Despite the smaller ratio overall, there has been growth in a few areas. Colleges across the board are relying more on part-time faculty members, a group that grew 2 percent per 100 FTE since 2001, while full-time faculty declined 9 percent. Graduate assistants also increased in number by 1 percent. And “other professionals” -- including staff in academic support, student services and institutional support -- grew by 6 percent.

The biggest declines came in clerical/secretarial/technical workers, whose numbers decreased consistently over the decade for a 24-percent total drop; and service/maintenance/skilled crafts staff, whose numbers also fell consistently but to a lesser extent, with a 20-percent overall decline. “These are areas where institutions are likely gaining economies of scale – as student FTE increases, the number of staff remains consistent, resulting in a decline in staff per 100 student FTE,” the report says.

Executive/administrative and managerial positions also fell 20 percent over all during the period, but the decline happened early in the decade and the numbers stayed relatively flat afterward, even growing by 1 percent in the latter half of the decade. (Despite the large percentages of all these declines, they don’t translate into a lot of bodies. For instance, the number of managers per 100 FTE went from 1.14 in 2000-1 to 0.91 in 2009-10.)
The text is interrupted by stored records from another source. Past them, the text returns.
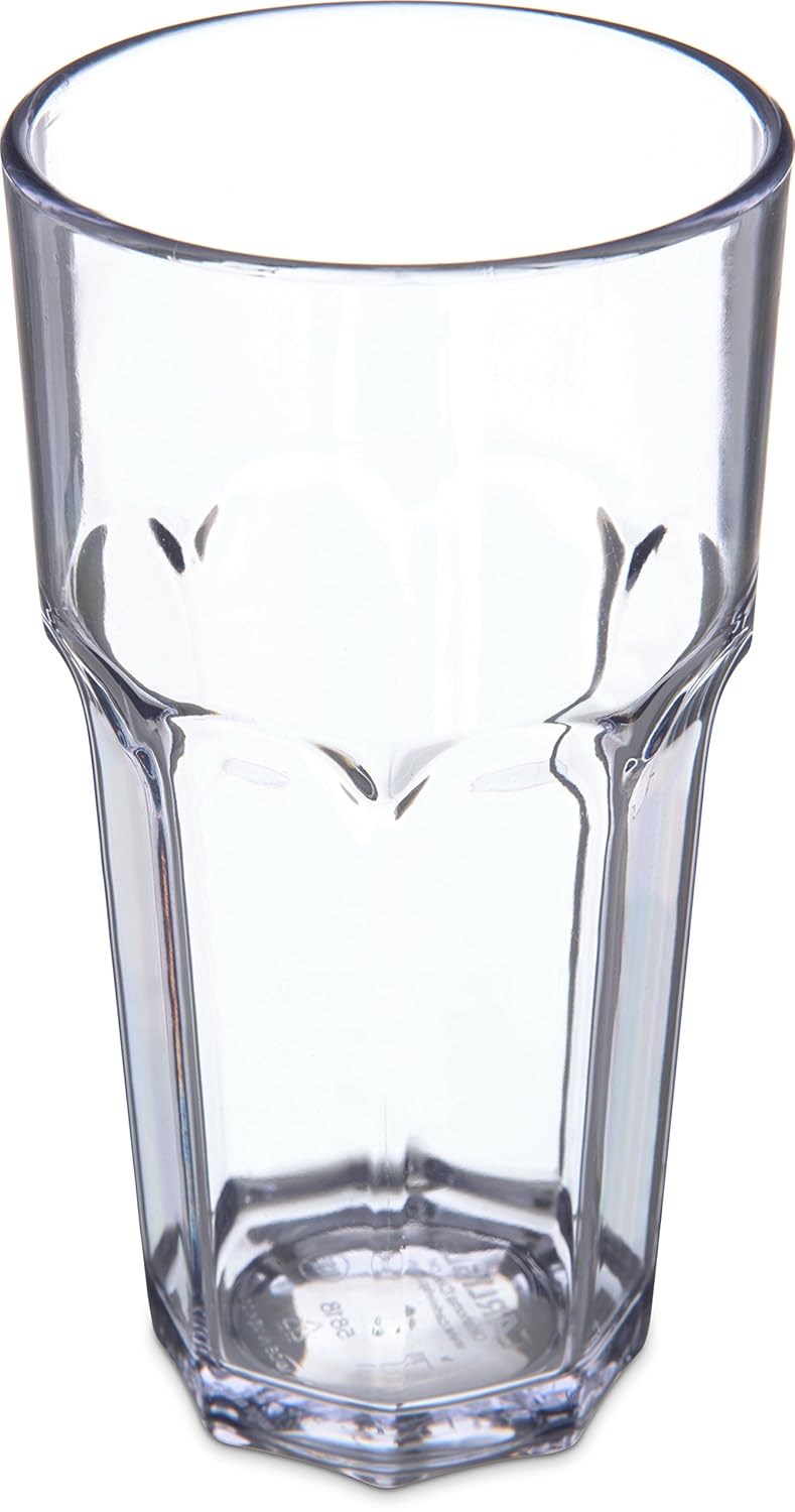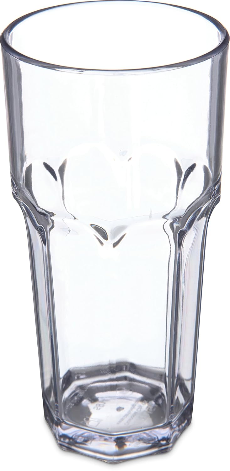Elevate your dining experience with this pack of 24 Carlisle FoodService Products Louis Clear Tumbler Glasses. Whether you're running a restaurant, catering an event, or managing a bustling kitchen, this 20-ounce plastic gem is the secret ingredient to take your service to the next level. Designed for comfort, the faceted shape of this tumbler ensures a secure and pleasant grip. Say goodbye to those clumsy accidents and enjoy a smooth dining experience where every sip is a delight. Revel in the elegance of glass without the constant fear of breakage. This plastic tumbler is a master of illusion, flawlessly mimicking the appearance of glassware, adding a touch of sophistication to any dining setting. Your guests will appreciate the attention to detail. Crafted from robust SAN (Styrene Acrylonitrile), this glass is your steadfast companion, ready to face the challenges of restaurants, catering, and kitchen environments. It offers peace of mind against breakage, ensuring your investment stands the test of time. Efficiency meets elegance with these glasses. Designed for space-saving, they stack easily, keeping your storage area neat and organized while preserving their immaculate appearance. SAN doesn't just shine in terms of break resistance. It's a pro at withstanding stains, breakage, and chipping, making these short plastic tumblers a breeze to care for. And the eco-conscious crowd will appreciate that they are NSF Listed, dishwasher safe, BPA free, and recyclable, making them an eco-friendly choice for your food service needs.
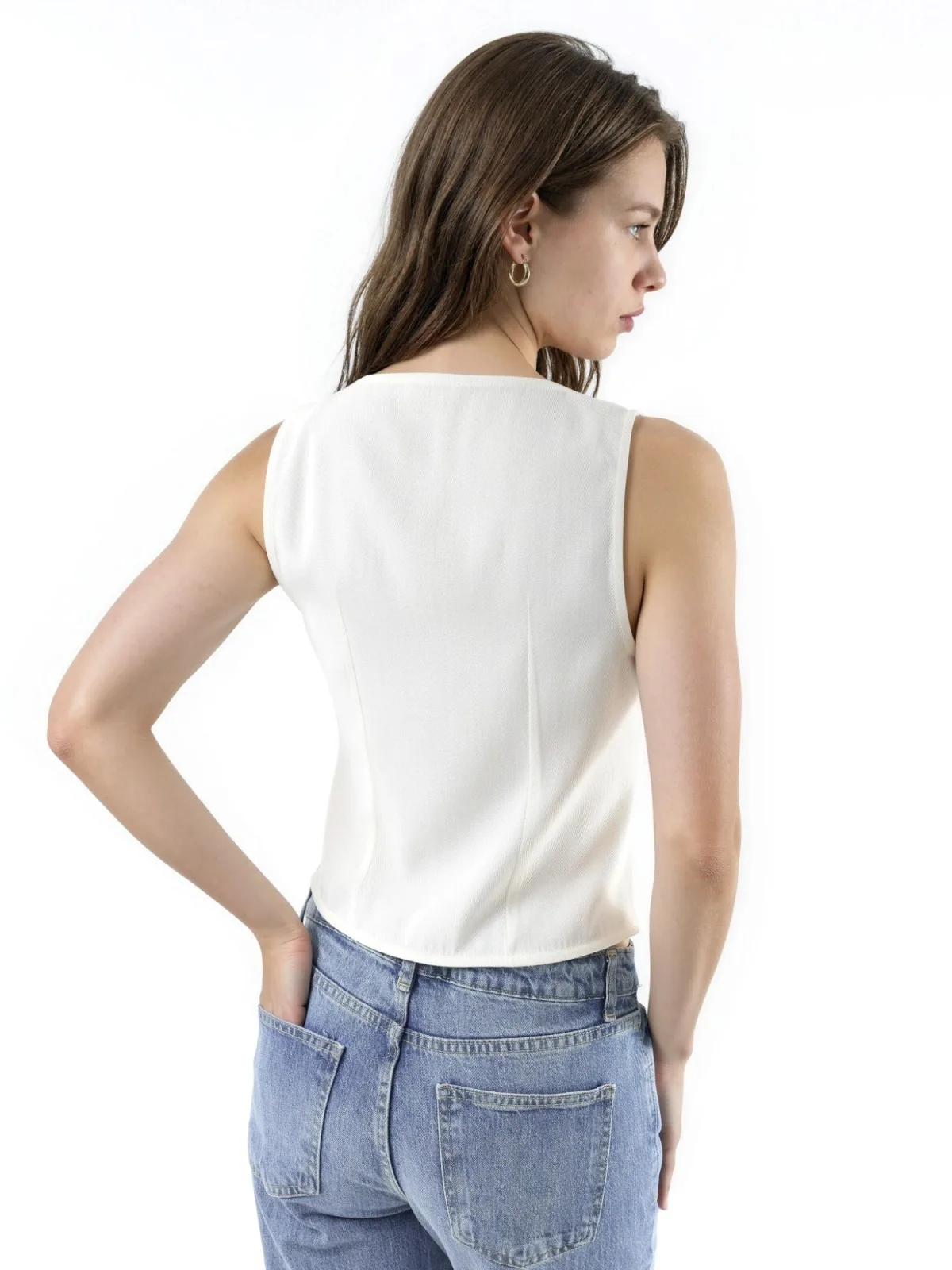 Blouse type: Klassieke blouse; Design: Knop placket; Type sluiting: Knoopsluiting; Halstype: Ronde hals; Motief: Effen; Kraag: Zonder kraag; Soort bandjes: Brede bandjes; Extra's: Op staal naden; Pasvorm: Slanke pasvorm; Armlengte: Mouwloos; Lengte: Normale lengte
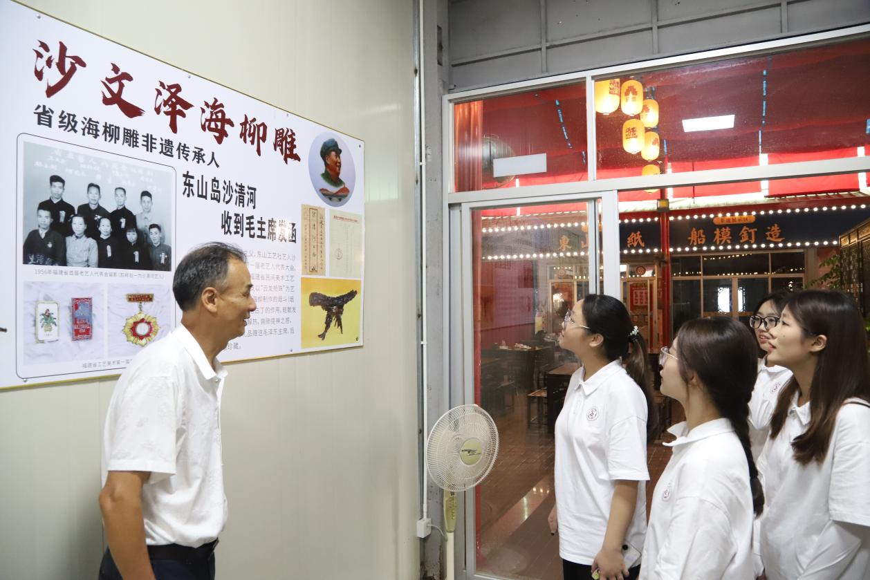 圖為實踐隊成員拜訪海柳雕非遺傳承人沙文澤老師。張炳濤 供圖
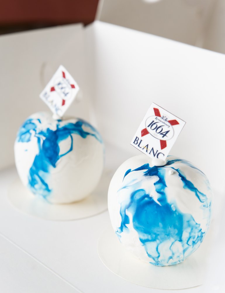«Ноты персика и свежесть Kronenbourg 1664 Blanc вдохновили нас на создание легкого десерта. Пирожное «Кураж» — это взбитый ганаш с персиковым пюре и бурбонской ванилью, с нежным персиковым компоте с кусочками яблок в центре, обрамленное ажурном бисквитом. Утонченный вкус и нежность десерта дополнили мягкие акварельные цвета», — Галина Корсак, владелица французских Brioche Bistro и Brioche Boutique.
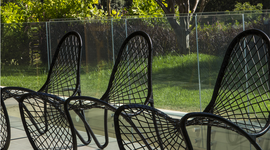 Os grandes painéis de correr foram feitos com esquadrias de alumínio e vidros transparentes temperados e laminados com película PVB anti raios U.

In most areas, growth -- and smaller declines -- happened in the second half of the decade, despite increasingly gloomy budget pictures.

Lingenfelter attributes this trend -- like many of the report's other findings -- to enrollment patterns and student demand. All types of colleges added staff, but different institutions added them in different areas. For instance, “other professionals,” the group that grew more than any other, expanded mostly at research institutions. Associate-degree-granting colleges, meanwhile, grew much more in faculty than in any other category.

“It’s clear that the mixture of staffing and other professionals really just reflects the increasing complexity of the institutions. There are just more functions,” Lingenfelter said. “It’s pretty obvious that research universities have a lot more ‘other professionals’ than institutions that focus almost entirely on instruction. And I think there’s been a tendency for people to figure ‘other professionals’ were administrators. I think the real pattern suggests they’re lab technicians and service providers, and people just doing IT work and other things that have grown so dramatically over the past 10 years.”